In this updated list, P. pisum is the pea crab with the most known hosts, 29 species, even after eliminating Clausinella fasciata (da Costa, 1778), Dosinia lupinus (Linnaeus, 1758), Ensis ensis (Linnaeus, 1758), E. magnus Schumacher, 1817, and Nucula nitidosa Winckworth, 1930, which were mistakenly included on the list by de Gier and Becker [7]. They considered all species mentioned in Becker and Turkay [21] related with P. pisum, i.e., both those that were hosts and those that were not. They also included Acanthocardia echinata (Linnaeus, 1758), Cerastoderma edule (Linnaeus, 1758), and Chamelea gallina (Linnaeus, 1758) even though these species were considered “non-infested species” in Becker and Turkey ([21] Figure 1), but they are included in the consensus list (Table 2) because they have been recorded as P. pisum hosts in posterior works [1]. The only species mentioned by Becker and Turkey [21] as “non-infested species” and not included in the list by de Gier and Becker [7] was Venerupis corrugata (Gmelin, 1791) (as Venerupis senegalensis), also mentioned in Figure 1. The list of hosts for P. pisum has been completed with recently recorded hosts such as Fulvia fragilis (Forsskål, 1775) by Triay-Portella et al. [6], Glossus humanus (Linnaeus, 1758) by Marco-Herrero et al. [20], and now Acanthocardia paucicostata (present study).
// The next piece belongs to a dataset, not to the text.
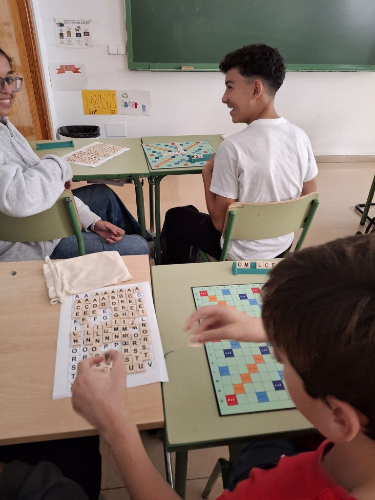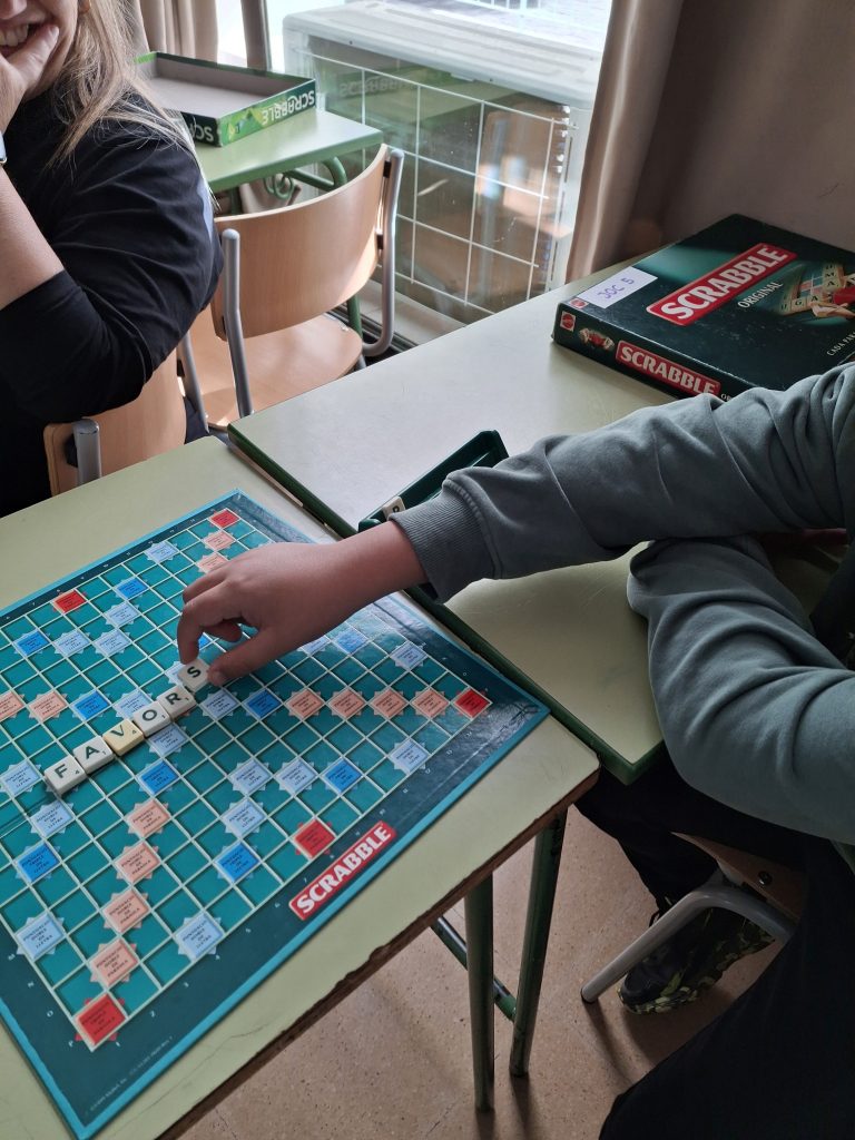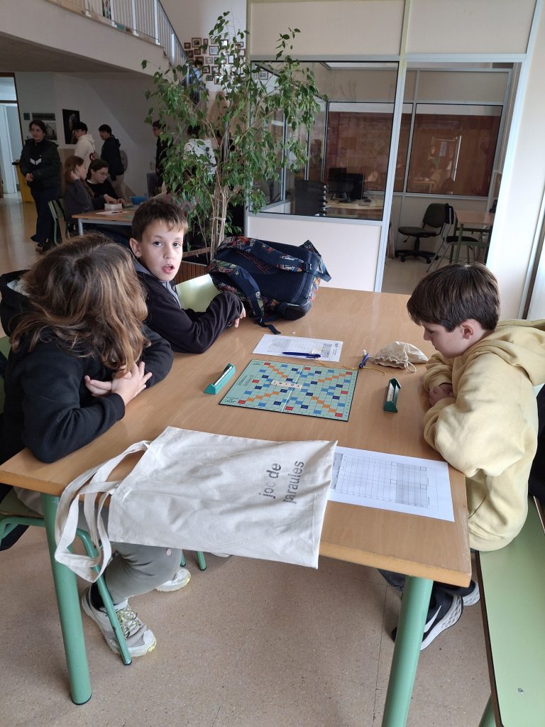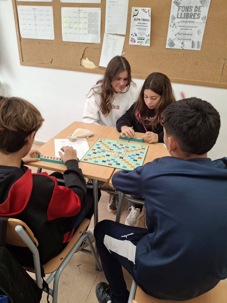 Aquesta setmana ha començat la lliga d’Scrabble, en què participa l’alumnat de 1r d’ESO. S’hi han apuntat 20 alumnes que formen 10 equips, ja que el joc es juga en parelles, i la competició tendrà lloc cada dimecres durant el primer pati.
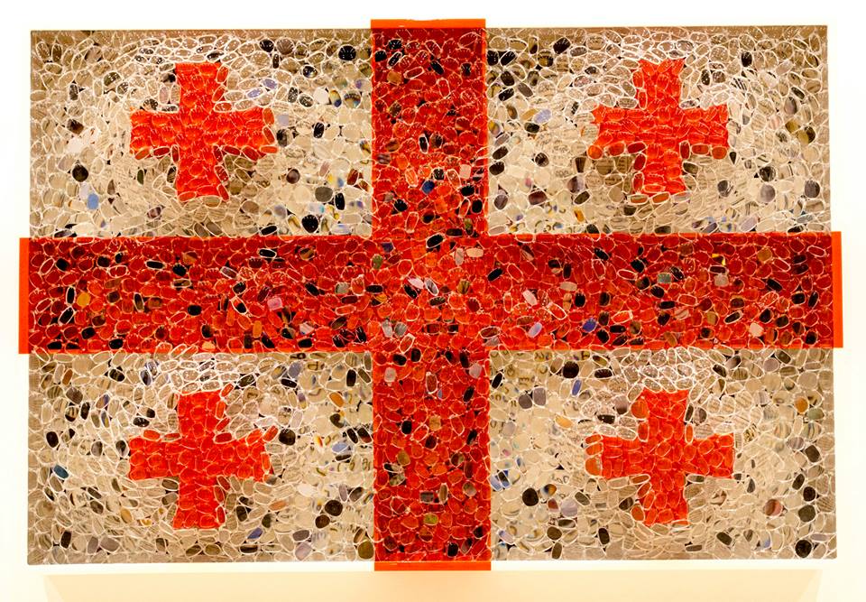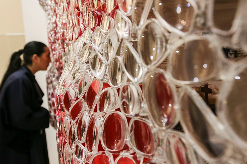 Georgian-born artist David Datuna has gifted his Georgian flag project named “Georgia – hope of millions” to the Georgian people. The artwork, in the shape and color of the Georgian flag, was created from hundreds of optical lenses of varying magnification that illuminate underlying images of Georgia’s history and political and social culture.

The second species, in terms of the number of hosts, is A. monodi, with 13 known bivalve hosts. The list of hosts published by Perez-Miguel et al. [1] provided a total of 12 species, but a record from Magallana gigas (Thunberg, 1793) in Perez-Miguel’s unpublished Ph.D. thesis [22] has been included.
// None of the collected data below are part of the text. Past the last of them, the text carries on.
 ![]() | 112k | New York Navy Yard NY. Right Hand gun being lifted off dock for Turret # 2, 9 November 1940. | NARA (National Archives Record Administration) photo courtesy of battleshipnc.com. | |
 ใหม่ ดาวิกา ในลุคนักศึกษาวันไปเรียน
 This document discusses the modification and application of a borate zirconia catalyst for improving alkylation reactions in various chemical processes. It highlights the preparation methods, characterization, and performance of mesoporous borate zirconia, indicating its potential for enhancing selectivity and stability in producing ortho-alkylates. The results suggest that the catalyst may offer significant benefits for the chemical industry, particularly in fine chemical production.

Nepinnotheres pinnotheres is the third species in terms of the number of known hosts. Another Pinnidae bivalve, Atrina fragilis, has been added in the present study and is the only bivalve family where specimens of this species have been recorded. The other hosts of this species are ascidians, and in this case, there are some doubts concerning Ascidia virginea Müller, 1776 and Phallusia mammillata (Cuvier, 1815), possibly bringing the number of ascidian host species up from three to five. Nepinnotheres pinnotheres is also associated with representatives from the genus Microcosmos, of which the number of included species is currently under dispute. The number of ascidian host species of N. pinnotheres might therefore be even higher. This species shows a preference for pinnid bivalves, bivalve species characterised by their large sizes.

Pinnotheres pectunculi is also an example of a species with an obvious preference in the selection of its hosts. It has been recorded mainly in Glycymeris glycimeris and in four species of venerids. Until recently, this species was only cited in the northeastern Atlantic, but Perez-Miguel et al. [1] have recorded it for the first time in the Mediterranean.

The European pea crab with the highest specialization in host selection is the recently described Pinnotheres bicristatus. It had only been recorded in Anomia ephippium [2], but recently it was also found inside A. ephippium, from the Western Mediterranean, where, additionally, a specimen was located in Ostrea edulis Linnaeus, 1758 [4]. This bivalve species is of commercial interest and until now no specimens of P. bicristatus have been recorded as a symbiont. More data will be needed to clarify whether this was an accidental host or not.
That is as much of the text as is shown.